Con le sue ultime forze aveva raccolto pochi fiorellini che potessero dare un tono di colore al tumulo del figlio, affinché la mestizia del feretro fosse cosparsa da qualche segno d’amore. Era pronta per il corteo, consapevole che rimanere vedova e senza figlio significava andare incontro a morte certa, senza possibilità né di lavorare né di trovare compassione da coloro che – per la sua condizione – la consideravano maledetta. E piangeva silenziosa. E nessuno osava parlarle, tanto la bruttezza del viso era divenuta specchio dello strazio dell’anima.

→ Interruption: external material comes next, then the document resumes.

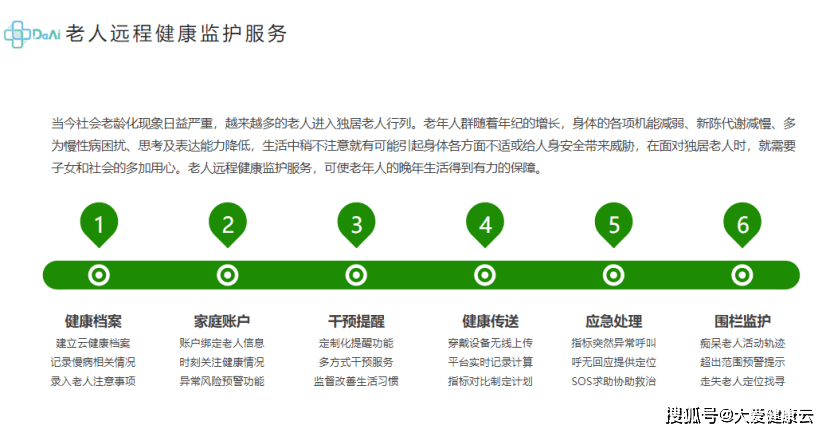 對于這樣一個普遍的社會問題大愛健康云平臺的老人運程監(jiān)護服務(wù)就能很好的解決子女不在身邊的后顧之憂,平臺的包含健康檔案、家庭賬戶、干預提醒、應(yīng)急處理、圍欄監(jiān)護等功能可使老年人的晚年生活得到有力的保障。
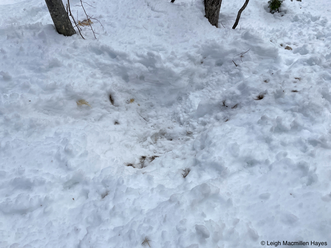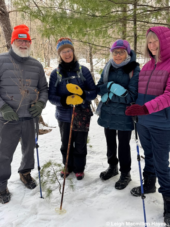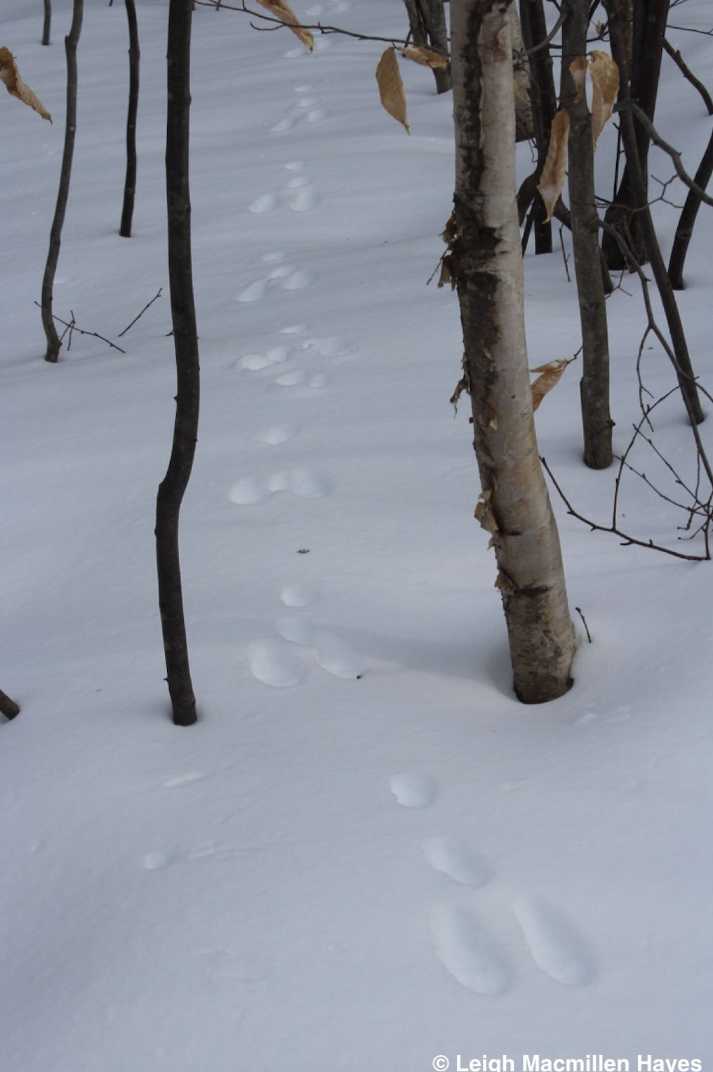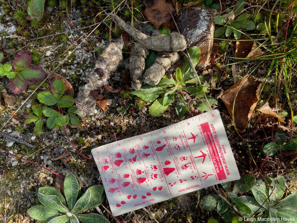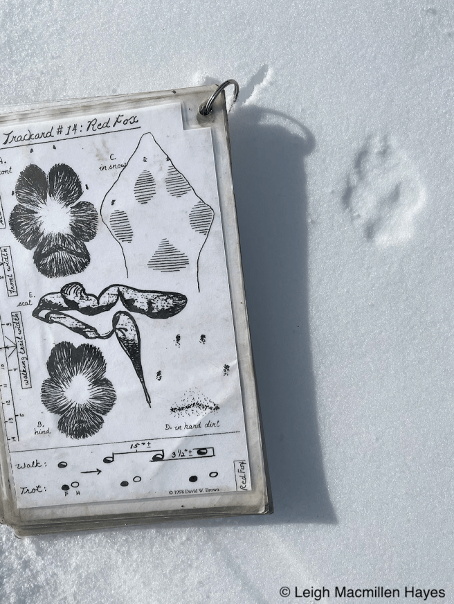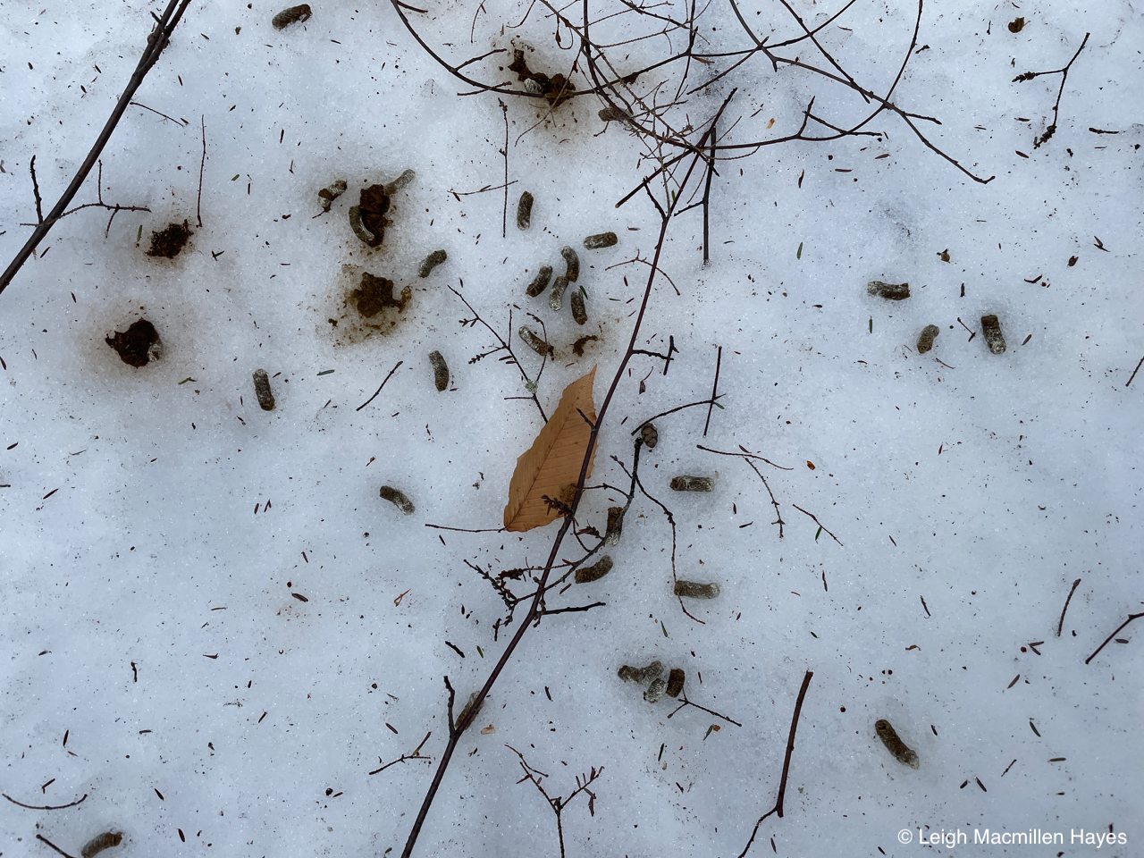 On the same downed tree, we spotted the squirrel’s track pattern and that of Juncos which flitted about in the trees as we passed by.

Le mattine di primavera erano perfette per portare ai lavatoi qualche straccio più nobile, qualche macchia più ostinata. S’era allontanata da poco, dopo aver concluso la sua missione, e stava rientrando fiera verso casa con tutti i fazzoletti e le lenzuola finalmente bianchi. Mai avrebbe immaginato d’incrociare sulla strada un uomo talmente travolto dal dolore, al punto che – di scatto – non appena lo vide soccombere sotto il peso della croce gli si fece prossima e gli asciugò il volto, proprio con uno dei suoi preziosi tessuti.

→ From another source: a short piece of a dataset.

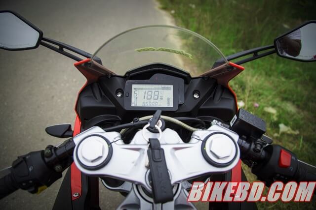 City riding experience is not the best, with sporty handle bar & USD front suspension the rider will feel lot of pain on wrist & neck for the first week to adjust the riding of this motorcycle. It is difficult for any rider to ride this motorcycle from one part of Dhaka to another carrying a pillion on a busy working day. Part of the reason is the front suspension which gives feedback on smooth rode but doesn’t work that better on bumpy or roads with potholes. Also the road conditions in Dhaka city aren’t the best followed by the huge traffic congestion. On the highway this is an open machine. The bike will give its best performance on the 4 lane highways of Dhaka – Chittagong & Dhaka – Mymensingh.
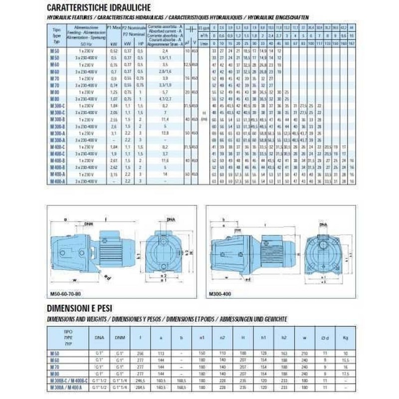 Конструктивні характеристики. • Корпус насоса виготовлений з нержавіючої сталі AISI 304. • Робоче колесо -з латуні. • Дифузор - з технополімера • Ротор - нержавіюча сталь. • Механічне ущільнення - з кераміки і графіту. • Корпус двигуна - з дюралі • Корпус двигуна охолоджується вентилятором • Електродвигун закритого типу з примусовим охолодженням (TEFC), придатний для безперервної роботи. • Опори вала ротора - кульові підшипники, вільно доступні для обслуговування • Однофазні двигуни забезпечені робочим конденсатором, за запитом обмотки двигуна забезпечуються термозахистом • Ступінь захисту IP44 (за запитом IP55). • Клас ізоляції F. • Всмоктуючий і напірний патрубок - різьбові. • Напруга: 230V-50Hz

La Maddalena, Zaccheo, la vedova di Nain, la Veronica non nacquero il giorno del loro avvento alla luce di questo mondo: essi nacquero davvero nell’istante improvviso in cui la profondità e il dramma del loro cuore s’imbatté nel volto di Gesù di Nazareth. Fu quel volto a dare finalmente forma umana alle loro domande, al loro dolore, al loro prodigarsi per la vita e per il bene. Senza quel volto niente avrebbe avuto senso e nessuna mossa per rispondere al bisogno che pulsava in loro sarebbe stata nobile e meschina. Nobile per il desiderio che faceva intravedere, meschina per la pochezza di letizia e di libertà che avrebbe effettivamente riscosso.

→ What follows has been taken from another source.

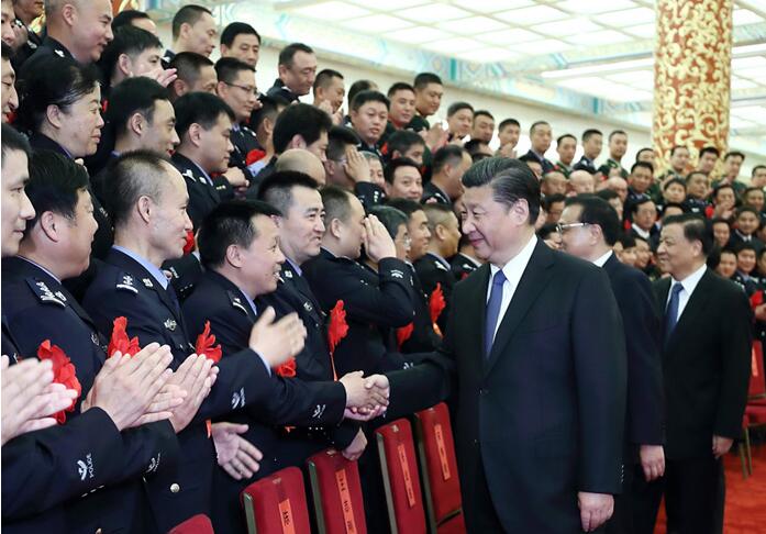 在熱烈的掌聲中,習(xí)近平發(fā)表重要講話。習(xí)近平首先表示,這次會議是全國公安戰(zhàn)線的一次群英會,看到大家精神抖擻、斗志昂揚,我感到非常高興。大家都在各自崗位上作出了出色成績,不僅是全國公安系統(tǒng)的學(xué)習(xí)榜樣,也是全社會崇尚的英雄模范。我相信,這次表彰,對弘揚主旋律、唱響正氣歌、傳播正能量,激勵全國公安機(jī)關(guān)和公安隊伍更好擔(dān)負(fù)起黨和人民賦予的重大使命,必將產(chǎn)生極大推動作用。

Tutti abbiamo bisogno di un volto e nessuno può davvero aspirare a costruire il bene di tutti al di là di un rapporto che introduce nel mondo una nuova misura del cuore e una nuova statura dell’Io. È questo che gli amici del quarantesimo Meeting per l’Amicizia tra i popoli urleranno in questa settimana tra i padiglioni della fiera di Rimini. Perché all’odio fra le religioni, all’emergenza climatica, alla guerra silente fra le grandi potenze del mondo, alla crisi europea e italiana, al cambio di paradigma etico di questa società impazzita, ai problemi della scuola, della giustizia o della sanità, non si risponde con un piano, ma solo con l’originalità di un volto cambiato da uno sguardo di misericordia.

Sembra sempre troppo poco, eppure è quello che – fra le lacrime – arrivati ai cancelli del paradiso, ciascuno vorrebbe sentirsi dire dal proprio babbo o dalla propria mamma, ossia che “il tuo volto – figlio mio – non nacque da ciò che ottenesti o riuscisti a fare, ma la tua identità, la tua umanità, la tua personalità, nacque da ciò che fissava”. Da quell’unico volto capace di perdonare il mondo. Capace di cambiare la storia.